These are the key concepts you need to understand to accurately answer the question.

Substitution Method
The substitution method is a powerful technique in integral calculus that simplifies complex integrals by changing the variable of integration. In this method, we select a new variable, often denoted as \( u \), and express the original variable \( x \) in terms of this new one. This often transforms a difficult integral into one that is easier to handle. The key steps are:
  • Choose an appropriate substitution. In our exercise, we let \( x = u^6 \), which helps in simplifying the expression inside the integral.
  • Find the differential \( dx \) in terms of \( du \). Here, \( dx = 6u^5 \, du \) to account for the change in variables.
  • Substitute \( x \) and \( dx \) in the integral, transforming it into a function of \( u \).
  • Simplify the resulting integral, if needed, and perform the integration.

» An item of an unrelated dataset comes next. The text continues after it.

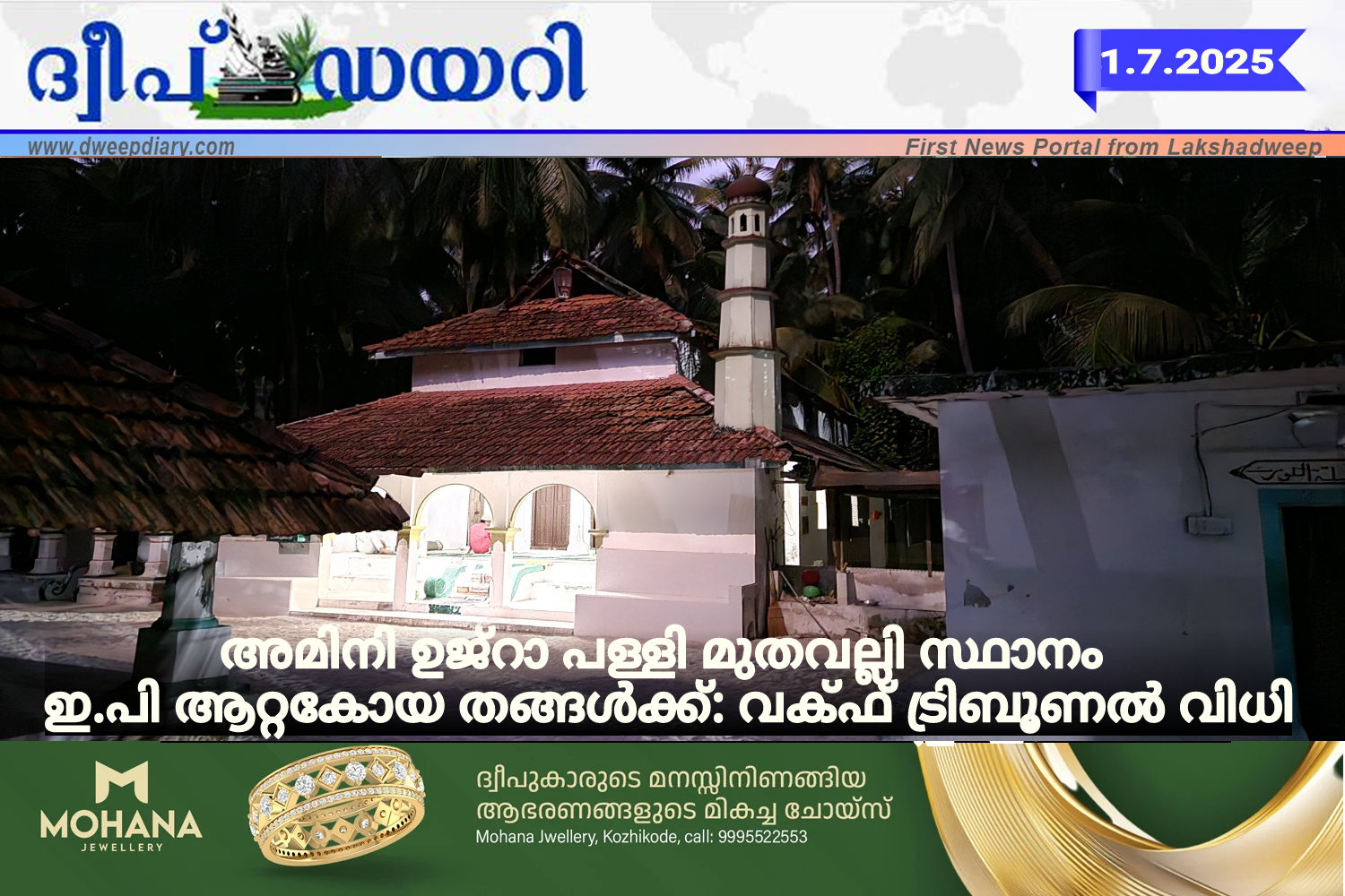 അമിനി ജുമാമസ്ജിദിൽ വഫാത്ത് ദിനത്തിൽ യാസീൻ പാരായണവും നടക്കുന്നു.

After integrating with respect to \( u \), don't forget to substitute back the original variable to express the solution in the initial terms.
Partial Fraction Decomposition
Partial fraction decomposition is a technique used to break down complex rational expressions into simpler fractions. This makes integration manageable when dealing with rational functions.

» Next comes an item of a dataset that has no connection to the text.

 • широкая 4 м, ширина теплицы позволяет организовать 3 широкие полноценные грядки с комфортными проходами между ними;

  • The goal is to express a complicated fraction like \( \frac{1}{u^2-1} \) as a sum of simpler fractions. In our solution, this expression decomposes into \( \frac{1}{2} \left( \frac{1}{u-1} - \frac{1}{u+1} \right) \).
  • To perform partial fraction decomposition, identify roots of the denominator and express each term as a fraction with those roots. For \( u^2-1 \), the roots are \( u-1 \) and \( u+1 \).
  • The decomposition allows us to integrate each term separately, which is simpler than integrating the initial fraction directly.
This technique highlights the power of algebraic manipulation in integrals, enabling us to integrate each part efficiently.
Definite Integrals
Definite integrals help compute the area under a curve between specified bounds, providing a concrete numerical value instead of an indefinite form. Although this exercise focuses on solving an indefinite integral, understanding definite integrals is crucial when these equations have limits.
  • In a definite integral setting, the expression \( \int_{a}^{b} f(x) \, dx \) is evaluated from \( x = a \) to \( x = b \). This computes the exact area under the curve of \( f(x) \) from \( a \) to \( b \).
  • Transformations of variables, as we've done with substitution, can still apply. It's essential to adjust limits accordingly in definite calculations.
  • Simplifying the integrand, possibly through methods like substitution or partial fractions, remains important since it ensures computations are manageable.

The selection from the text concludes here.